Henrietta "Jetty" Treffz (; ; 1 July 1818, in Alsergrund – 8 April 1878, in Hietzing) was best known as the first wife of Johann Strauss II and a well-known mezzo-soprano appearing in England in 1849 to great acclaim.

Biography

Henrietta Chalupetzky was the only child of a Viennese goldsmith and studied music in Vienna, adopting her mother's maiden name, Treffz, for professional purposes. Her career took her around Austria, as well as Germany and France, but it was in England that she first appeared with Johann Strauss I in concerts that would bring her numerous accolades and felicitations. The Musical World, published in London on 5 May 1849, noted her talents: "mezzo-soprano voice of beautiful quality and remarkable for freshness and equality of tone throughout the register".
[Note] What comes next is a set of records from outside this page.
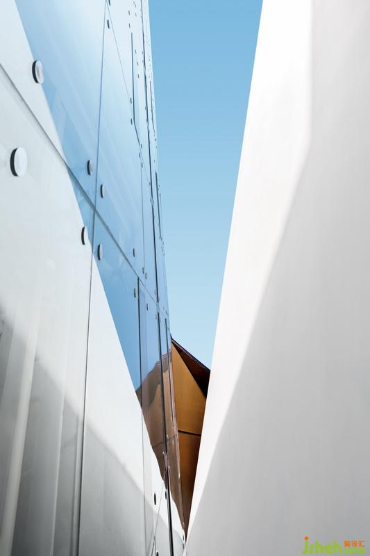 我們細(xì)細(xì)考慮對(duì)于空間和時(shí)間的截取,營造完整的視覺體驗(yàn)。不規(guī)則的三角形幾何體由軋花不銹鋼拼接而成,材料表面的處理, 通過天氣環(huán)境的變化建筑表皮也隨之變化,材料的特性在不同的角度呈現(xiàn)不同的反射,也就是當(dāng)代語匯的多樣性。以人與空間的尺度來講建筑能使我們室內(nèi)設(shè)計(jì)師更清楚設(shè)計(jì)的意愿。隨人的走動(dòng)建筑的形體及反射都在產(chǎn)生變化,在不尋常的集合矩陣中發(fā)揮作用,保護(hù)自然力量對(duì)空間的參與,讓“人”也能活真正成為空間靈活的局部構(gòu)件,形成輕與重、動(dòng)與靜的不同維度多樣性。
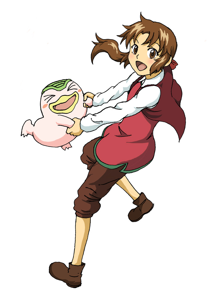 1990s (style)1boy1girlblush stickersbootsbrown eyesbrown hairclosed eyescolored skinfull bodyhair ribbonhappyholding handslaughinglong hairlooking at vieweropen mouthpink skinplayingponytailretro artstyleribbonsimple backgroundsmilevestwhite background
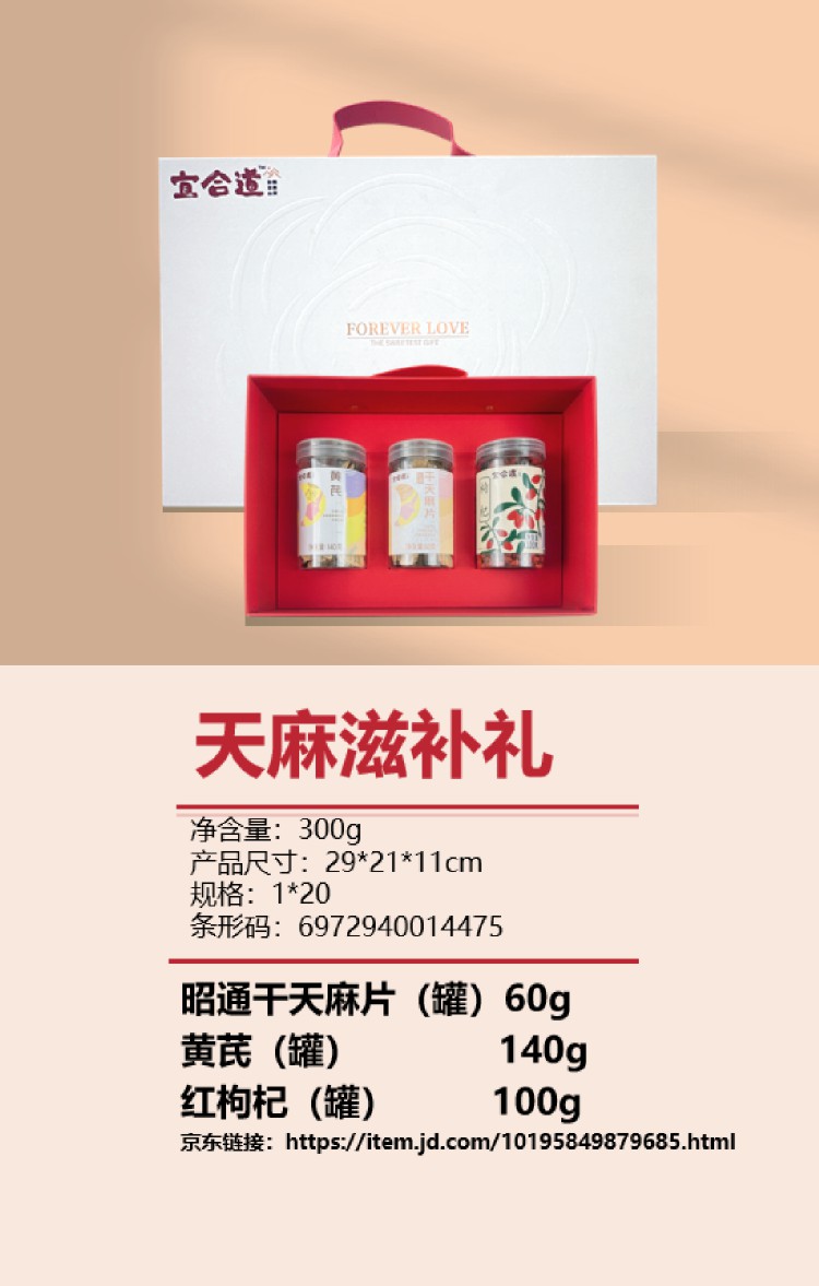 送礼佳品 内含: 昭通干天麻片(罐)60g 黄芪(罐) 140g 红枸杞(罐) 100g
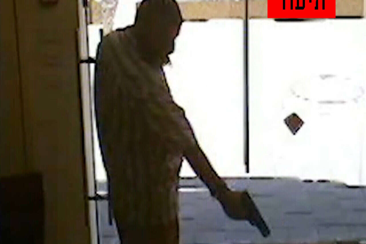 11:34 - לבוש חולצה משובצת וכובע לראשו, אלון נכנס לסניף הבנק. בתיק השחור הוא מסתיר אקדח גלוק, שהחזיק ברישיון.
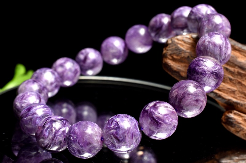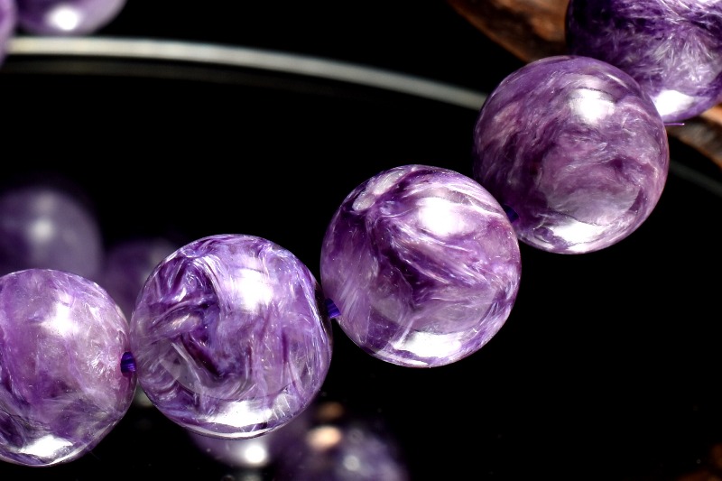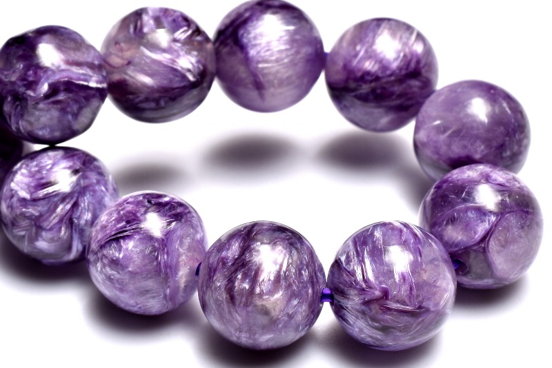 チャロアイトという名前の由来には、シベリアのチャロ川流域で発見された事とする説と、ロシア語の(Charo魅惑)から名づけられたという説がありますが、後者の方が有力であるとされています。その名の通り、この石の個性的な模様は、見る人を魅了してやみません。まさに、「魅惑の宝石」にぴったりな石です。
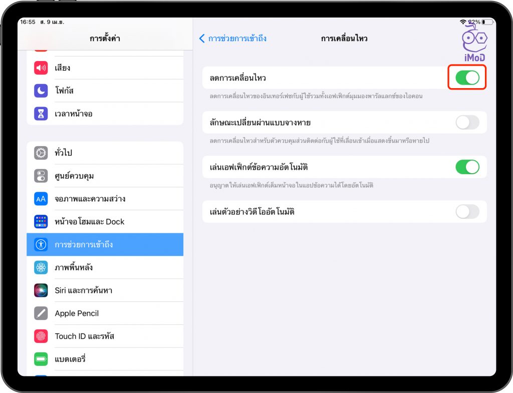 ส่วน iPad ที่ไม่มีคุณสมบัติ ProMotion ก็สามารถตั้งค่าลดการเคลื่อนไหว เพื่อช่วยให้ประหยัดพลังงานได้เช่นกัน แต่ภาพการเคลื่อนไหวก็จะไม่สมูทเหมือนเดิมแล้วนะ
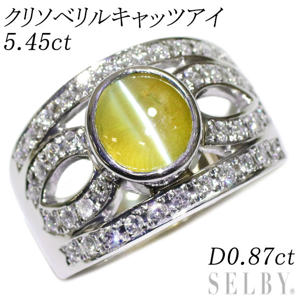 Pt900 クリソベリルキャッツアイ ダイヤモンド リング 5.45ct D0.87ct

On 27 August 1862, Henrietta (known affectionately as "Jetty") Treffz married Johann Strauss II in the Stephansdom in Vienna, a marriage which was beneficial to Strauss as her support and keen musical and business sense, influenced his works and promoted them to a superior standard. His works around that time revealed his finest creative period, as she worked together with him, as a music-copyist and private secretary, as well as what we will be familiar today as a manager in the music world. Their marriage was not without skepticism. The Viennese populace, long swayed by Strauss' graceful waltzes, were shocked at the announcement of their marriage, as she was forty-four when they married, about seven years older than Strauss. Even his brother Josef Strauss expressed his concern at the match, although he eventually accepted that she was 'indispensable in the home. She writes up all accounts, copies out orchestral parts and sees to everything in the kitchen with such efficiency and kindness that is admirable' in a letter dated 2 May 1869 written to his wife, Caroline. Treffz's encouragement for Strauss to apply for the coveted "KK Hofballmusik-direktor" post eventually bore positive results, as he was awarded the honorary position in 1863.

Last years
Jetty Treffz lived long enough to see her husband claim a small but encouraging success in the operetta business, however, on 8 April 1878, she suffered a heart attack and died, aged 59, the cause being reported as a disturbing letter from one of her illegitimate sons. She often spoke of herself as a 'poor, old cripple' as well as suffering from painful illnesses in the last years of her life.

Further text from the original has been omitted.